▶ **TASK DESCRIPTION**
Copy the records exactly, leaving out every picture.

Recorded data
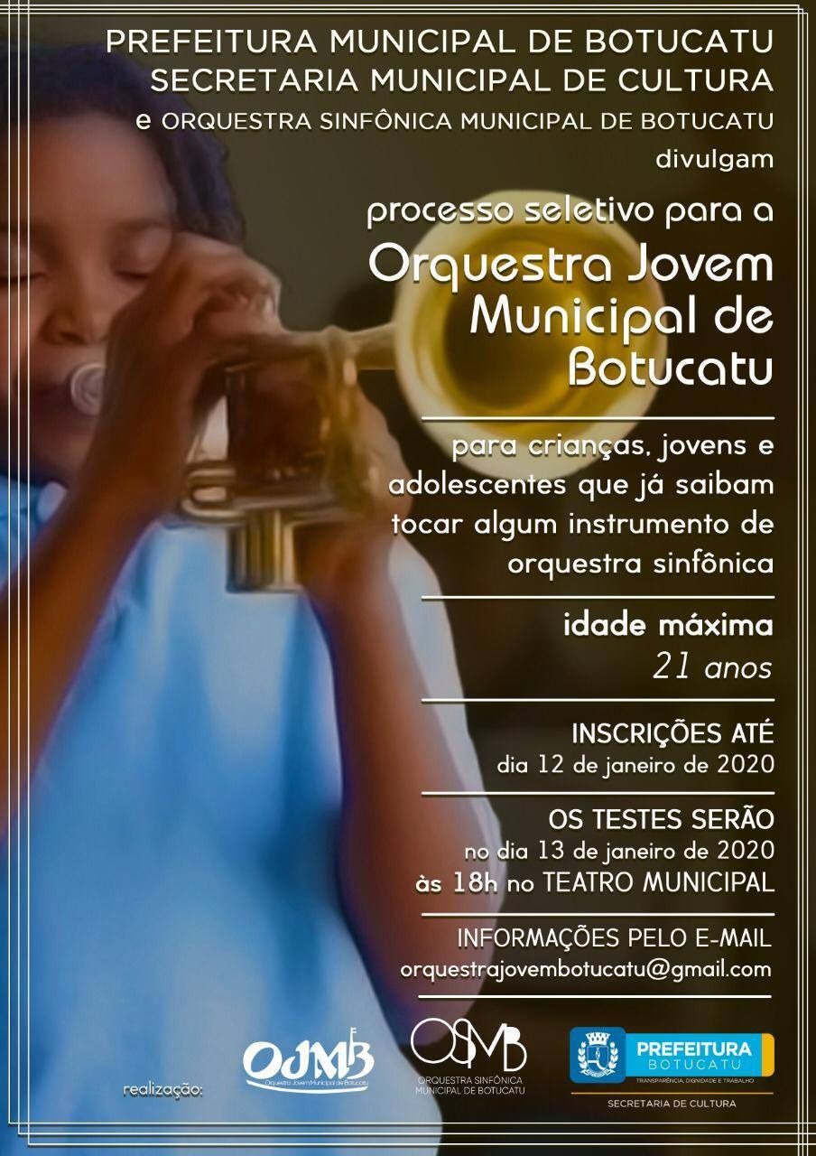 Estão abertas as inscrições para o processo seletivo de músicos da OJMB, a Orquestra Jovem Municipal de Botucatu. A OJMB, que é um braço pedagógico da Orquestra Sinfônica Municipal de Botucatu (OSMB), tem como objetivo principal a preparação de jovens músicos para o trabalho em conjunto e profissionalização, para futuramente ingressarem na OSMB.
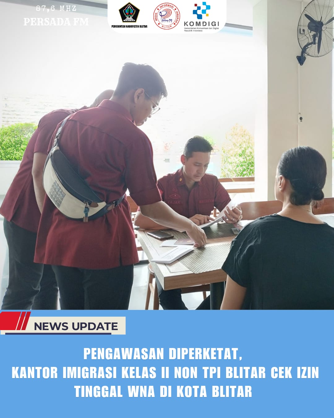 PersadaFM – Kantor Imigrasi Kelas II Non TPI Blitar menggelar operasi gabungan pengawasan warga negara asing (WNA) di wilayah Kota Blitar pada Rabu (23/7/2025).
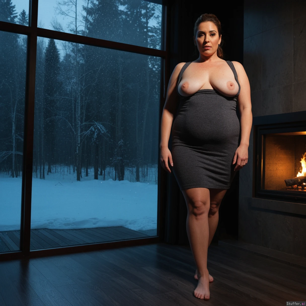 (A vintage portrait of subject walking casually under sun, snow effects, high contrast, cinematic set in forest style, emotional intensity), Extremely detailed ,(Middle aged hot milf, hot eyes,big_cheekbones,fat_lips,thick_eyebrows), (small tits,plump,bigass,fat arms, massive fat belly:1.1), (wearing shirtdress clothing outfit ,fully clothed:1.0) ,(, looking desperately at viewer), (cinematic realistic universe:1.4),(feet, fullbody view :1.6), massive wooden modern glass house, fireplace, moody atmosphere, lake,(Amazona :1.4),one source light,fire light reflect on her,.
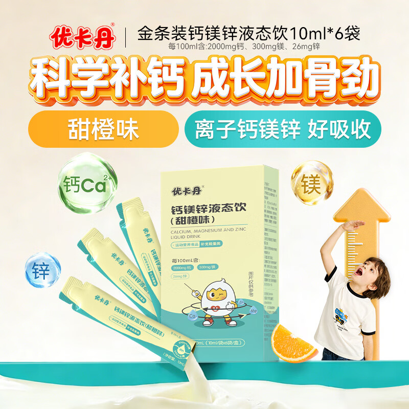 优卡丹小金条液体钙儿童青少年补钙3-12岁6-18岁10ml*6条【甜橙味】首购到手价3.78元
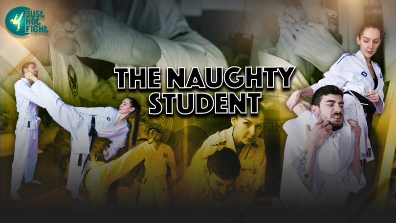 Kate was visited by a naughty student who didn`t do well in training. Kate had to punish him with her powerful leg kicks.
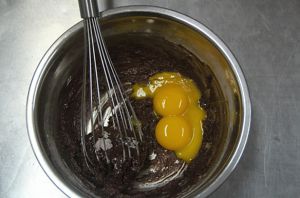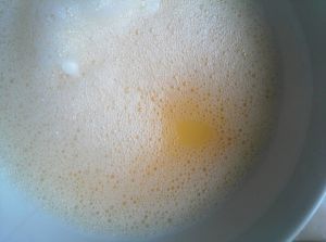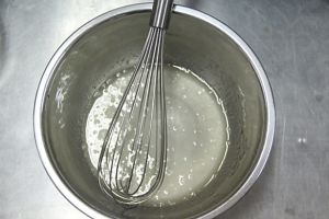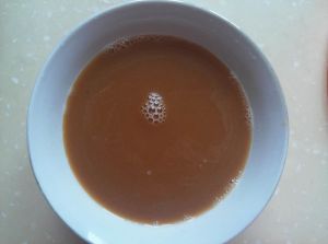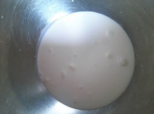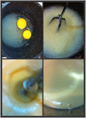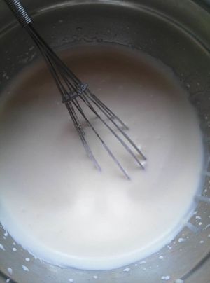 煮开后的步骤4糖水冲入蛋黄中,要不停搅拌,不然就成蛋花汤了
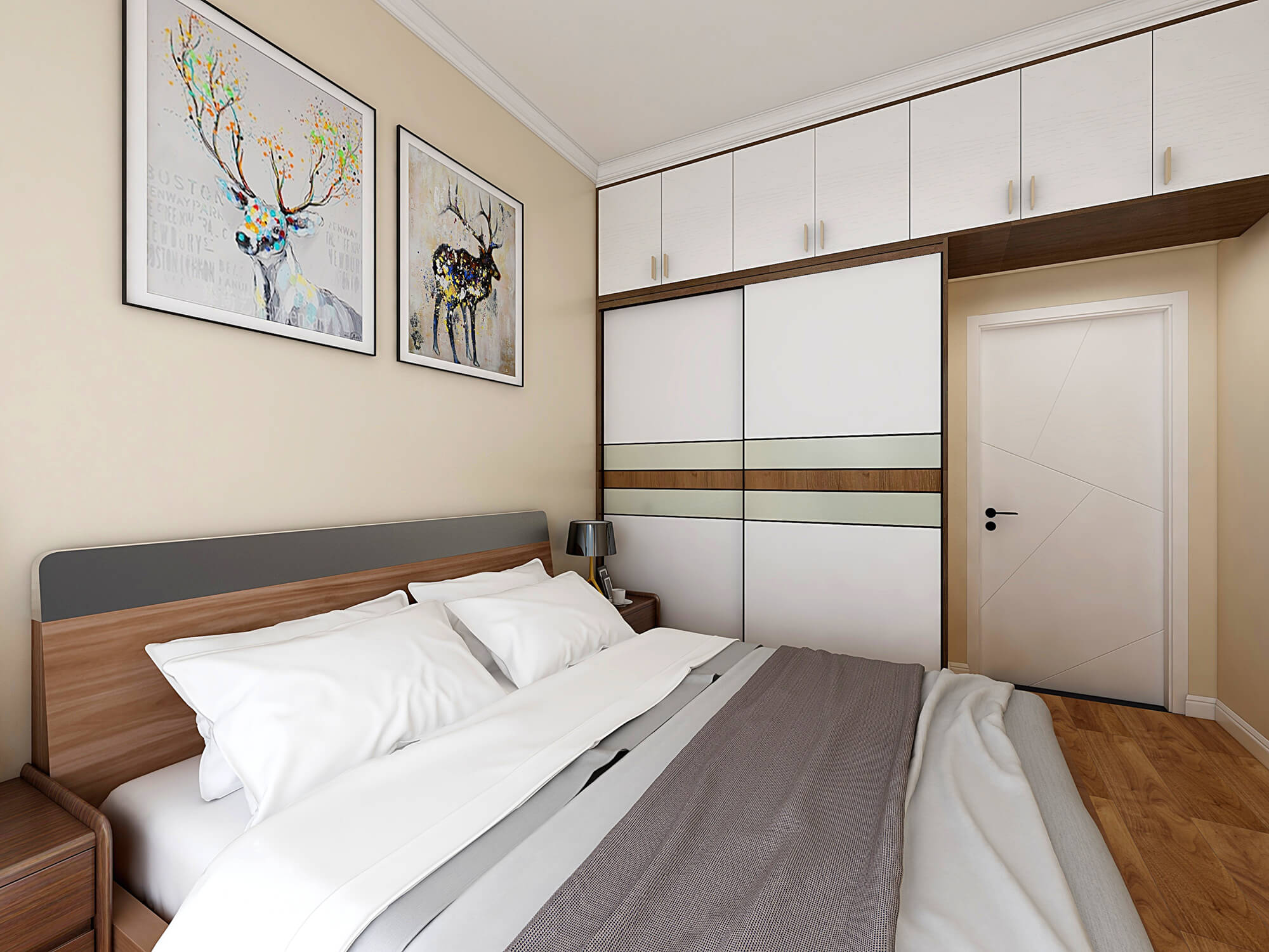 次臥作為父母房使用,老年人經(jīng)歷了幾十年的人生沉淀,性格和喜好往往更偏于成熟穩(wěn)重的格調(diào),所以在顏色搭配上面,選擇稍微偏深色一點!

▶ **OUTPUT**
 Estão abertas as inscrições para o processo seletivo de músicos da OJMB, a Orquestra Jovem Municipal de Botucatu. A OJMB, que é um braço pedagógico da Orquestra Sinfônica Municipal de Botucatu (OSMB), tem como objetivo principal a preparação de jovens músicos para o trabalho em conjunto e profissionalização, para futuramente ingressarem na OSMB.
 PersadaFM – Kantor Imigrasi Kelas II Non TPI Blitar menggelar operasi gabungan pengawasan warga negara asing (WNA) di wilayah Kota Blitar pada Rabu (23/7/2025).
 (A vintage portrait of subject walking casually under sun, snow effects, high contrast, cinematic set in forest style, emotional intensity), Extremely detailed ,(Middle aged hot milf, hot eyes,big_cheekbones,fat_lips,thick_eyebrows), (small tits,plump,bigass,fat arms, massive fat belly:1.1), (wearing shirtdress clothing outfit ,fully clothed:1.0) ,(, looking desperately at viewer), (cinematic realistic universe:1.4),(feet, fullbody view :1.6), massive wooden modern glass house, fireplace, moody atmosphere, lake,(Amazona :1.4),one source light,fire light reflect on her,.
 优卡丹小金条液体钙儿童青少年补钙3-12岁6-18岁10ml*6条【甜橙味】首购到手价3.78元
 Kate was visited by a naughty student who didn`t do well in training. Kate had to punish him with her powerful leg kicks.
 煮开后的步骤4糖水冲入蛋黄中,要不停搅拌,不然就成蛋花汤了
 次臥作為父母房使用,老年人經(jīng)歷了幾十年的人生沉淀,性格和喜好往往更偏于成熟穩(wěn)重的格調(diào),所以在顏色搭配上面,選擇稍微偏深色一點!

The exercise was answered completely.